= Johann Gottfried Kuntsch =

German organist and teacher (1775–1855)

Kuntsch c. 1830

Johann Gottfried Kuntsch or Kuntzsch (20 December 1775 – 12 March 1855) was a German organist and teacher, remembered as the teacher of Robert Schumann, who dedicated a set of pedal piano studies to him.

==Life and career==
Kuntsch was born in Dresden on 20 December 1775. He became a teacher at the Zwickau Lyceum and organist of St Mary's Cathedral in that city. He is described in Grove's Dictionary of Music and Musicians as "one of those earnest, old-fashioned, somewhat pedantic, musicians, to whom Germany owes so much; who are born in the poorest ranks, raise themselves by unheard-of efforts and self-denial, and die without leaving any permanent mark except the pupils whom they help to form."

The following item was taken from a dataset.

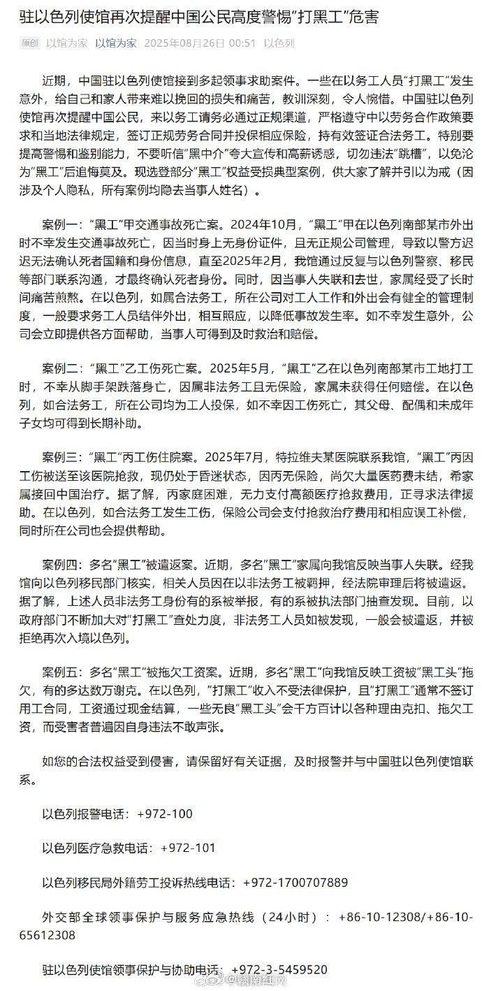 [#近期多名中国公民在以色列失联#]#驻以色列使馆接到多起领事求助案件#8月26日,驻以色列使馆发文:近期,中国驻以色列使馆接到多起领事求助案件。一些在以务工人员“打黑工”发生意外,给自己和家人带来难以挽回的损失和痛苦,教训深刻,令人惋惜。

The most prominent of Kuntsch's pupils was Robert Schumann, who studied the piano with him and seemed destined for a career as a virtuoso pianist until he turned to composition. Schumann's studies for the pedal piano – six pieces in canon form (Op. 56), composed in 1845 and published in 1846 – are dedicated to his former teacher.

Kuntsch died in Zwickau on 12 March 1855, aged 79.

==Sources==
- Daverio, John (2000). "The New Grove Dictionary of Music and Musicians"
- Geck, Martin (2013). "Robert Schumann: The Life and Work of a Romantic Composer"
- Grove, George (1878). "A Dictionary of Music and Musicians"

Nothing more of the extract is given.